Popkin v. State
Popkin v. State
Opinion of the Court
*54[¶1] Appellant Joshua R. Popkin pled no contest to two charges of second degree sexual assault. On appeal, he asserts that the facts alleged in the charges against him did not constitute crimes. We affirm because we conclude that his no-contest pleas waived this appeal issue.
ISSUES
[¶2] Dr. Popkin presents a single issue: Do the facts alleged in this case constitute a crime? The State raises a second issue: By pleading no contest to the charges, did Dr. Popkin waive his only appeal argument?
FACTS
[¶3] Dr. Popkin, a licensed psychologist, was initially charged in August of 2016 with one count of second degree sexual assault by a person in a position of authority. The affidavit of probable cause supporting the charge
[¶4] In April of 2017, in a separate docket, Dr. Popkin was charged with two counts of second degree sexual assault by a person in a position of authority. The affidavit indicated that Dr. Popkin served as counselor to the alleged victim, J.S., in late 2015. J.S. described their counselling sessions as "flirty." During a session at Dr. Popkin's house, he offered her alcohol and marijuana, began kissing her, and talked about matters of "a very sexual nature." During two sessions in February of 2016, Dr. Popkin had sexual relations and sexual contact with J.S.

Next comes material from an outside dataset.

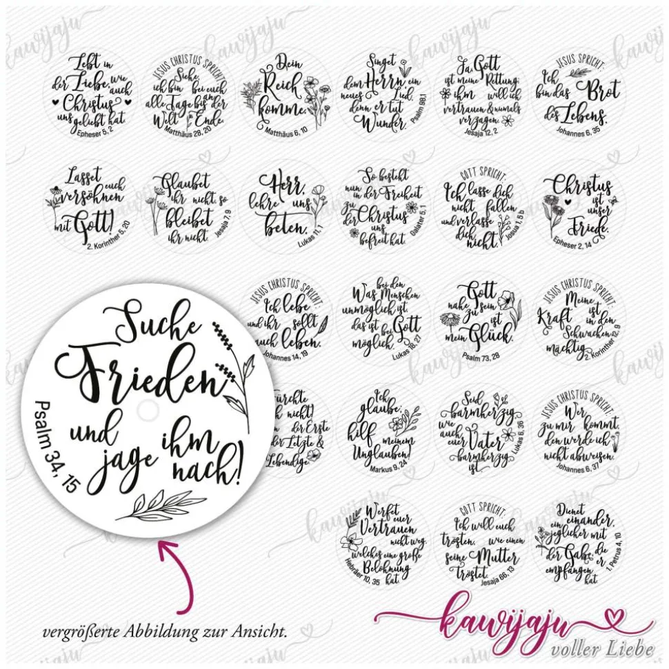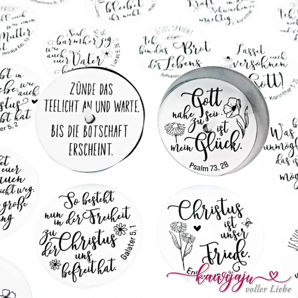 Unsere Jahreslosungen für den Advent Teelicht-Botschaften, sind Teelicht Vorlagen als digitale Datei zum Selbstausdrucken für Teelichter mit einem Durchmesser von 3,7 cm.
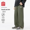 MINISO Men's Winter Fleece-Lined Layered Letter Print Straight-Leg Casual Pants

[¶5] In August of 2017, Dr. Popkin and the State entered into a plea agreement. Dr. Popkin agreed to plead no contest to the first charge and to one of the later charges, and the State agreed to dismiss the second of the later charges. The State agreed to recommend a sentence of one year in jail followed by supervised probation for a period of ten years. The district court accepted Dr. Popkin's no contest pleas. However, it rejected the State's recommendation as to Dr. Popkin's sentence, and instead sentenced him to three to five years on each charge, with the sentences to be served consecutively.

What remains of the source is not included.